● Dataset:
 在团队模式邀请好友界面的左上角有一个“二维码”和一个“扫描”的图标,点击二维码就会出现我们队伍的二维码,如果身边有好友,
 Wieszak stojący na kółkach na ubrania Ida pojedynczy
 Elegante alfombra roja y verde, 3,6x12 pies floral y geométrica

...

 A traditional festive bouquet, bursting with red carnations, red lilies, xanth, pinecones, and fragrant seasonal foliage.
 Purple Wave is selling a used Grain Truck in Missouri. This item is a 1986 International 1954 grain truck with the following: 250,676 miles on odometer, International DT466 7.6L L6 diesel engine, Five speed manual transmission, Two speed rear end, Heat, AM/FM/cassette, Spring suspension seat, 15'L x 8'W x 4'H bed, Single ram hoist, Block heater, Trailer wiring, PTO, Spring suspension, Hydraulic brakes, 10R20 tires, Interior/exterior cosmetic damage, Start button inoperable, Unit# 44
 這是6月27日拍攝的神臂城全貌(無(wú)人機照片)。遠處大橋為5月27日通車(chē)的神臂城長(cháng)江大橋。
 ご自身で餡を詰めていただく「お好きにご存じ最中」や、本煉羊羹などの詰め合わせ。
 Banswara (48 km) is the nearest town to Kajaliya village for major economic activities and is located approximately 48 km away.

---

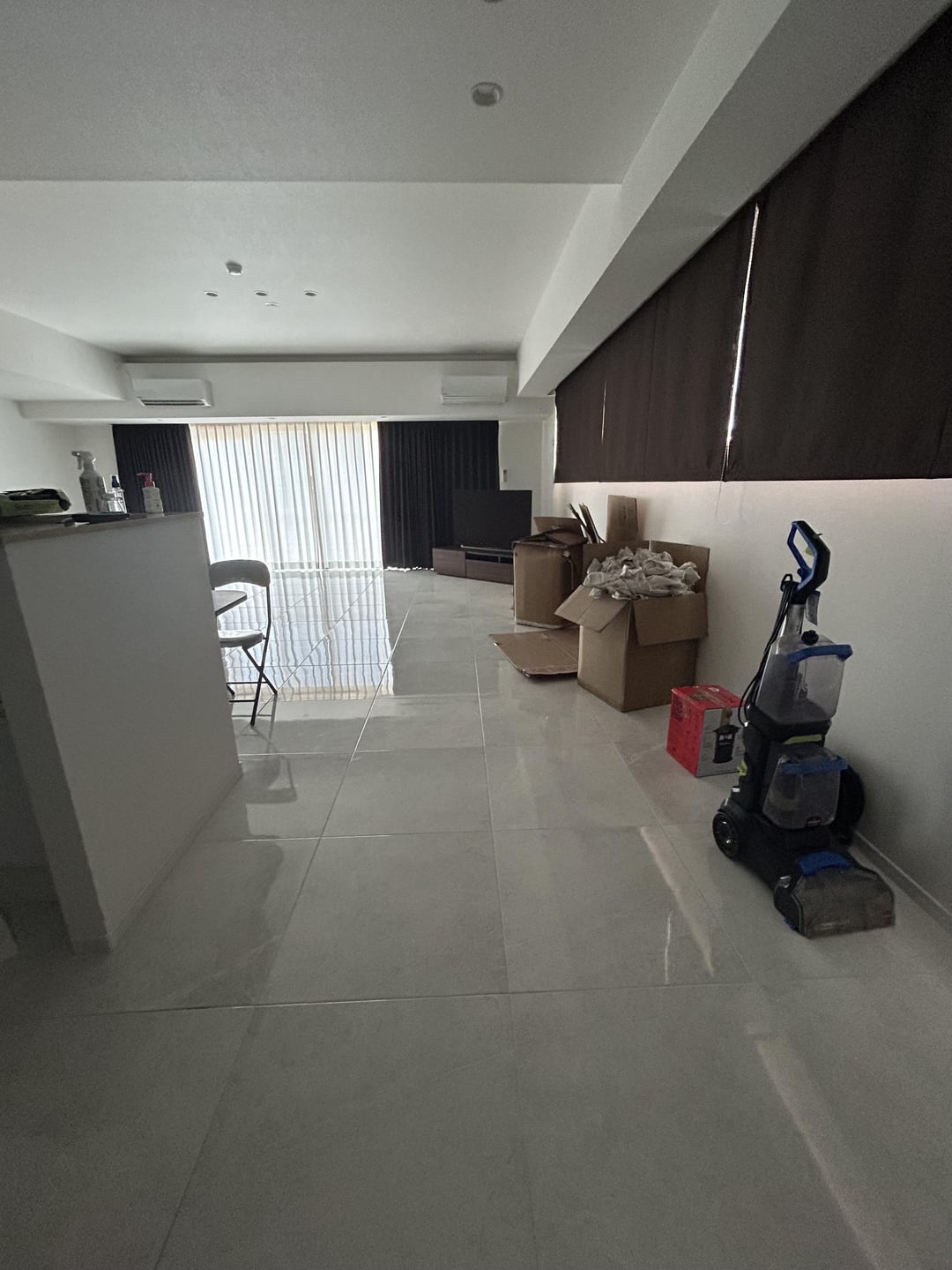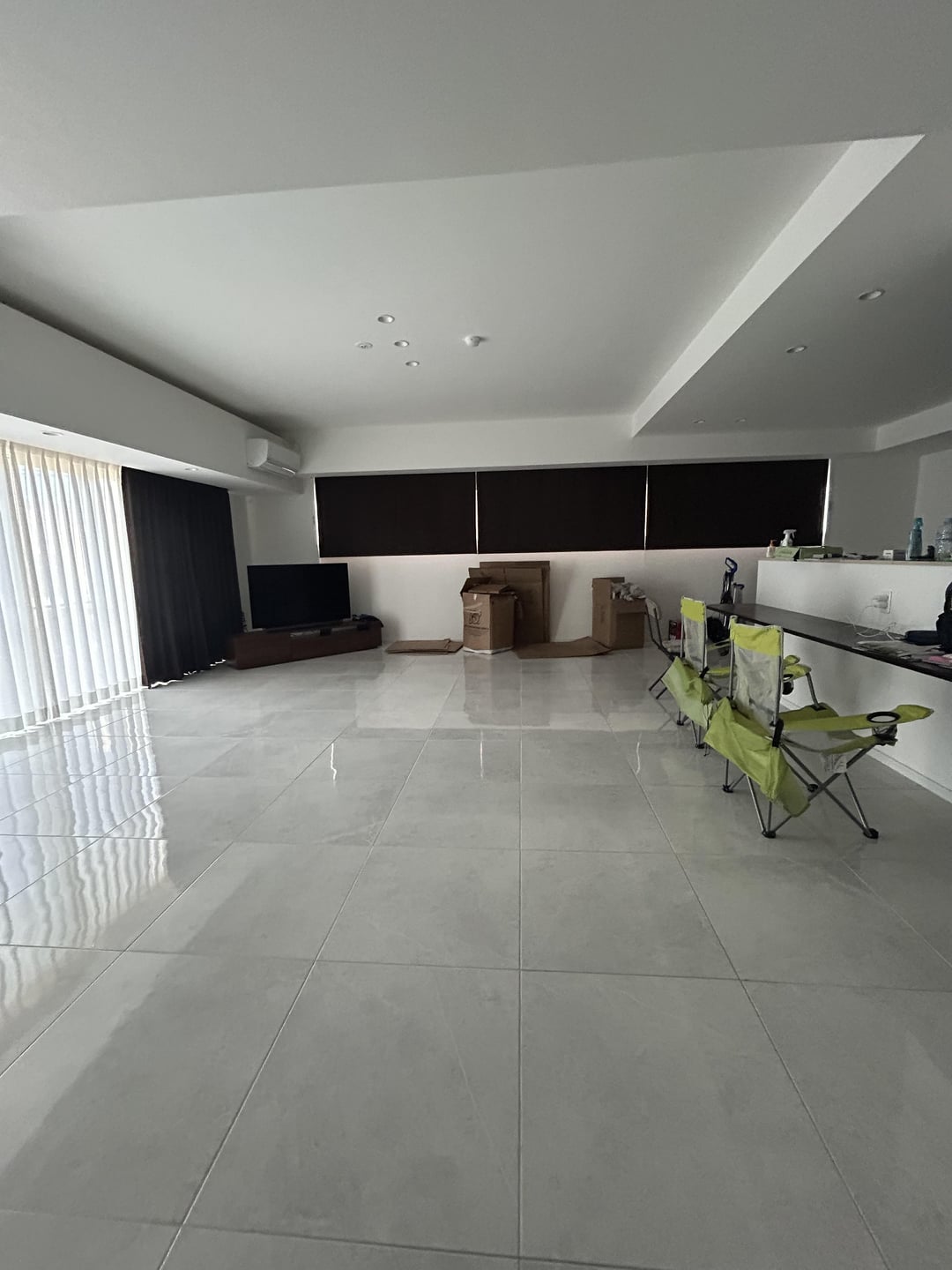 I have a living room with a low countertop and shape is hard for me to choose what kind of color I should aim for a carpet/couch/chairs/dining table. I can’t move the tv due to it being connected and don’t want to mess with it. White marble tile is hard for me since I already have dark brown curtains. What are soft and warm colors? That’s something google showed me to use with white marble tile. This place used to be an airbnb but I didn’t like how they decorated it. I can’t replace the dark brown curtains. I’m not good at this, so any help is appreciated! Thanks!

● Task: Beginning with the line containing "Purple Wave is" and ending with the line containing "Banswara (48 km)", extract those lines exactly from the listing above, and only those.

● Response:
 Purple Wave is selling a used Grain Truck in Missouri. This item is a 1986 International 1954 grain truck with the following: 250,676 miles on odometer, International DT466 7.6L L6 diesel engine, Five speed manual transmission, Two speed rear end, Heat, AM/FM/cassette, Spring suspension seat, 15'L x 8'W x 4'H bed, Single ram hoist, Block heater, Trailer wiring, PTO, Spring suspension, Hydraulic brakes, 10R20 tires, Interior/exterior cosmetic damage, Start button inoperable, Unit# 44
 這是6月27日拍攝的神臂城全貌(無(wú)人機照片)。遠處大橋為5月27日通車(chē)的神臂城長(cháng)江大橋。
 ご自身で餡を詰めていただく「お好きにご存じ最中」や、本煉羊羹などの詰め合わせ。
 Banswara (48 km) is the nearest town to Kajaliya village for major economic activities and is located approximately 48 km away.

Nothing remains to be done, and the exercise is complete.